Gravitational Waves and the Great Inflation

Back in 1979, puzzling over why the universe seemed so uniform in every direction, physicist Alan Guth hit on an idea that we now know as inflation: when it was less than a trillionth of a second old, the universe doubled in size about 60 times within another trillionth of a second, expanding much faster than the speed of light. (This is allowable under special relativity because space itself was moving, not some object passing through space.) Most scientists said, "intriguing" and went back to work on whatever they were doing, since it seemed highly unlikely that inflation could ever be proved or disproved. But then in 2002 it was discovered that the cosmic microwave background (CMB) radiation, the leftover glow of the Big Bang, is polarized, meaning it vibrates more in one direction than in others. This means that it could, in theory anyway, bear the imprint of the gravitational waves that should have been part of the great inflation. And now a team of scientists say they have found evidence of those waves:
Cosmologists have detected what they say is the first direct evidence of this inflation—one of the biggest discoveries in the field in 20 years. From studying the cosmic microwave background (CMB)—the leftover radiation from the big bang—they have spotted traces of gravitational waves—undulations in the fabric of space and time—that rippled through the universe in that infinitesimally short epoch following its birth. The imprint of these gravitational waves upon the CMB matches what theorists had predicted for decades. The findings, announced this morning at a scientific presentation at the Harvard-Smithsonian Center for Astrophysics in Cambridge, Massachusetts, also show that gravity—at the smallest scale—follows the rules of quantum mechanics, similar to other forces such as electromagnetism.

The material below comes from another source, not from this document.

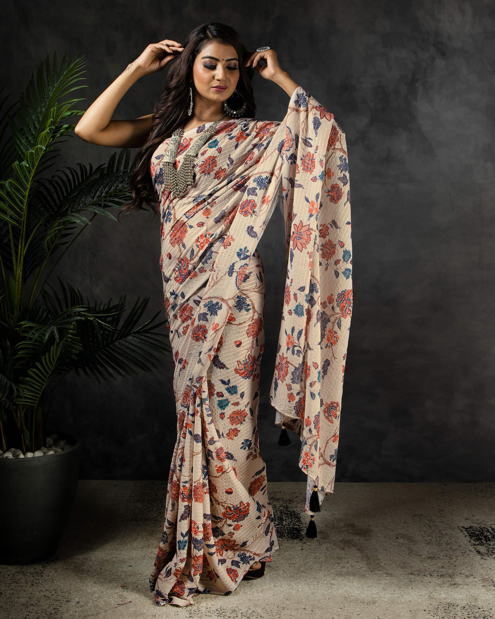 Fabcurate's saree collection will upgrade your dressing style. Highly rated fabrics such as Liquid Organza, Japan satin, Chinon Chiffon, Uppada Silk, Georgette, have been drawn into gorgeous sarees. Wear a class and be a trend maker, with these new sets of sarees. These fabrics are durable, have good drapability, soft when touching such as silk.

“This is an astounding result,” says Alan Guth, a cosmologist at Massachusetts Institute of Technology in Cambridge and one of the original proponents of inflation. Guth—who was not involved in the work being highlighted today—says the researchers showed him a draft paper a week ago, after swearing him to secrecy. “The observations are at a very high level of significance,” he says. Andrei Linde, a cosmologist at Stanford University in California who developed one of the most theoretically successful models of inflation, agrees: “If these results are right, inflationary theory has passed its most difficult test ever.”

The discovery comes from observations by a small but sophisticated telescope at the South Pole dedicated to a project known as the Background Imaging of Cosmic Extragalactic Polarization (BICEP). Just like visible light and other kinds of electromagnetic radiation, a cosmic microwave’s electric and magnetic fields could be oscillating along any of an infinite number of orientations. The telescope used by the BICEP researchers is designed to map the orientation—or polarization—of the CMB as it varies in different parts of the sky. In data taken from a small patch of the sky between January 2010 and December 2012, the researchers found a random pattern of faint pinwheel-like swirls in the CMB. Such swirls, called B modes, are the hallmark of gravitational waves in the primordial universe and—many cosmologists say—are the smoking gun for inflation.

“We believe that gravitational waves could be the only way to introduce this B-mode pattern,” says John Kovac, a cosmologist at Harvard and one of the four principal investigators of BICEP.
If confirmed, this is an amazing achievement. It is also a return to the fruitful interplay of mathematical theorizing and precisely measured experiment that was the hallmark of physics during its great run, from Galileo to the 1970s. Of late theorists have mainly been predicting things that nobody can figure out how to measure, so it is great to see the old synergy working again.